(Dataset records)
=== Section Start ===
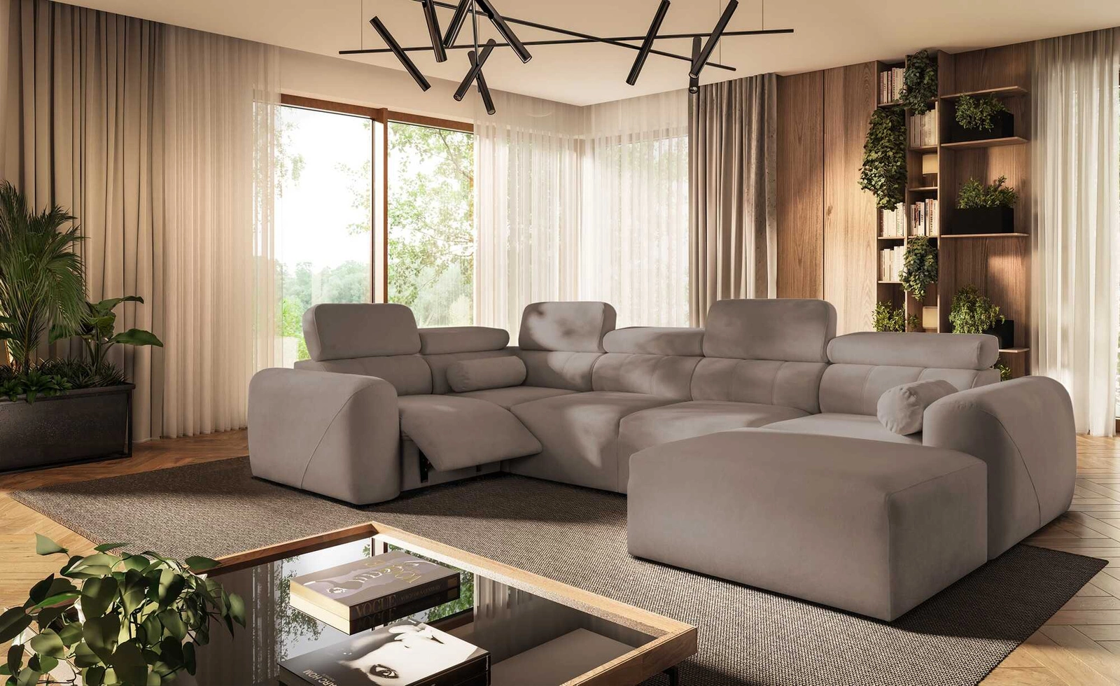 Rohová jednotka Cantare IV Lux v tmavě béžové barvě je mimořádně funkční kus nábytku se stylovou povrchovou úpravou.
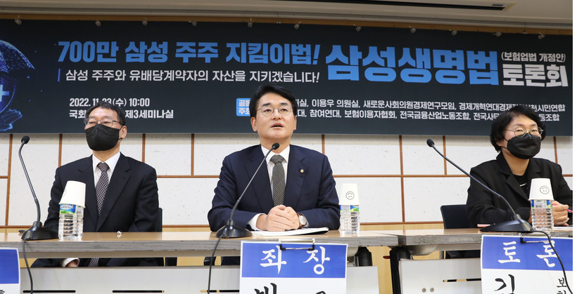 ▲지난해 11월 23일 더불어민주당 박용진 의원(가운데)은 서울 여의도 국회 의원회관에서 열린 700만 삼성 주주 지킴이법! 삼성생명법(보험업법 개정안) 토론회에서 발언하고 있다.(사진=newsis) |
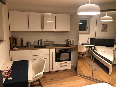 Das Apartment ist vollständig möbliert und ausgestattet mit einem Bett, Kleiderschrank, Tisch, Stuhl und Einbauküche.
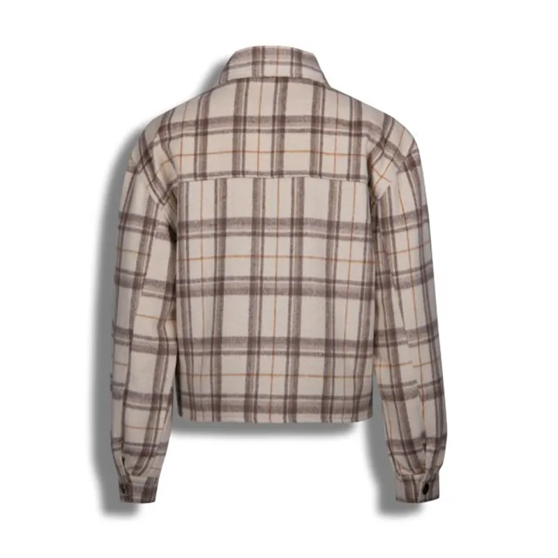 Эта женская куртка — официальный заказ нашего завода, тщательно выполненный, чтобы воплотить в себе как американский винтажный стиль кэжуал, так и характерную текстуру тартана. Изготовленная из бежево-коричневой твидовой ткани тартан, она отличается тонким узором, излучающим теплое ретро-очарование, с классическими элементами американского западного тартана, обеспечивающими высокую узнаваемость. Воротник с лацканами и металлическими пуговицами, два нагрудных кармана и укороченный силуэт гармонично сочетаются с винтажно-кежуальной эстетикой. Свободный, удобный крой подойдет женщинам, которые ищут для своего гардероба «американский винтаж, клетчатую текстуру и непринужденный стиль», демонстрируя тщательное мастерство нашей фабрики в создании женской ретро-кежуальной верхней одежды.
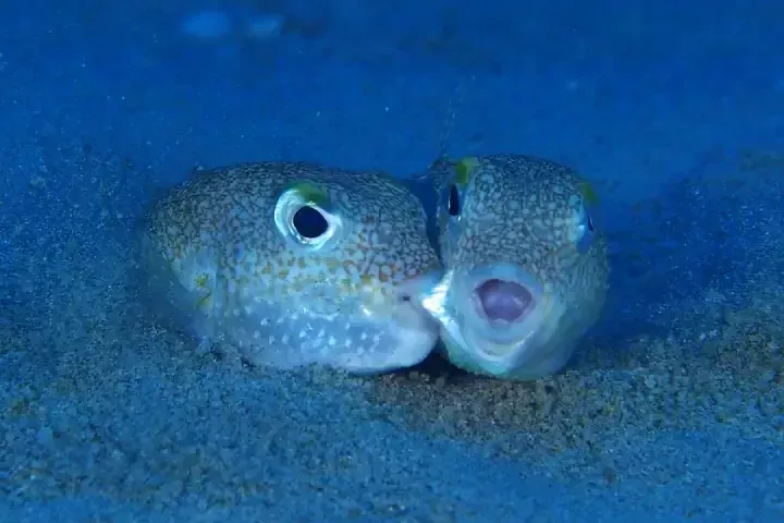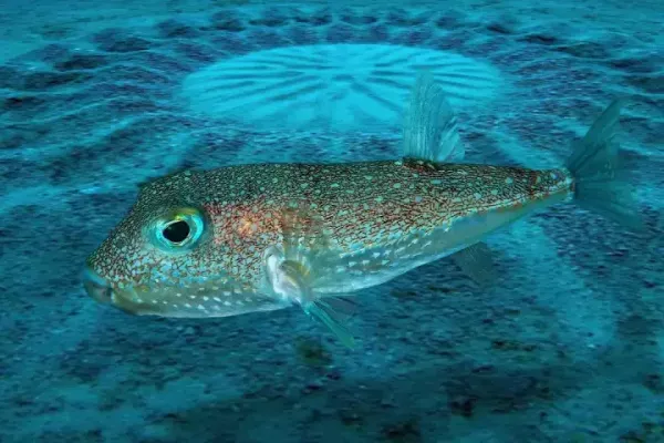 Знакомьтесь - белопятнистый иглобрюх (Torquigener albomaculosus). Эта рыба демонстрирует удивительно человеческую психологию в вопросах недвижимости. Самки этого вида выбирают партнера, оценивая качество его "владений".Чтобы произвести впечатление, самец несколько дней трудится без устали, используя свои плавники для создания уютного гнезда диаметром до двух метров, украшенного ракушками и камешками. Однако дело здесь не в простой роскоши.
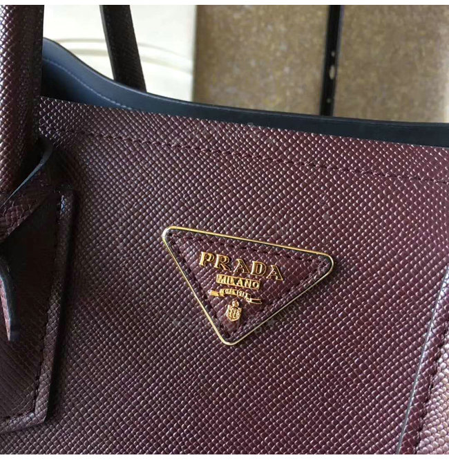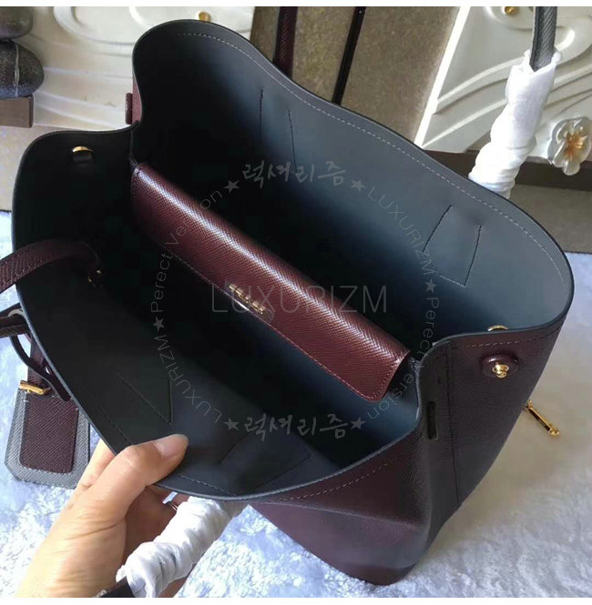 [스페셜오더]PRADA-1BG775 프라다 사피아노 가죽 투톤 핸들 와인 더블 백
=== Section End ===
§ BRIEF: Write out every line above exactly, minus images.

§ OUTPUT FOR THIS EXERCISE:
 Rohová jednotka Cantare IV Lux v tmavě béžové barvě je mimořádně funkční kus nábytku se stylovou povrchovou úpravou.
 ▲지난해 11월 23일 더불어민주당 박용진 의원(가운데)은 서울 여의도 국회 의원회관에서 열린 700만 삼성 주주 지킴이법! 삼성생명법(보험업법 개정안) 토론회에서 발언하고 있다.(사진=newsis) |
 Das Apartment ist vollständig möbliert und ausgestattet mit einem Bett, Kleiderschrank, Tisch, Stuhl und Einbauküche.
 Эта женская куртка — официальный заказ нашего завода, тщательно выполненный, чтобы воплотить в себе как американский винтажный стиль кэжуал, так и характерную текстуру тартана. Изготовленная из бежево-коричневой твидовой ткани тартан, она отличается тонким узором, излучающим теплое ретро-очарование, с классическими элементами американского западного тартана, обеспечивающими высокую узнаваемость. Воротник с лацканами и металлическими пуговицами, два нагрудных кармана и укороченный силуэт гармонично сочетаются с винтажно-кежуальной эстетикой. Свободный, удобный крой подойдет женщинам, которые ищут для своего гардероба «американский винтаж, клетчатую текстуру и непринужденный стиль», демонстрируя тщательное мастерство нашей фабрики в создании женской ретро-кежуальной верхней одежды.
 Знакомьтесь - белопятнистый иглобрюх (Torquigener albomaculosus). Эта рыба демонстрирует удивительно человеческую психологию в вопросах недвижимости. Самки этого вида выбирают партнера, оценивая качество его "владений".Чтобы произвести впечатление, самец несколько дней трудится без устали, используя свои плавники для создания уютного гнезда диаметром до двух метров, украшенного ракушками и камешками. Однако дело здесь не в простой роскоши.
 [스페셜오더]PRADA-1BG775 프라다 사피아노 가죽 투톤 핸들 와인 더블 백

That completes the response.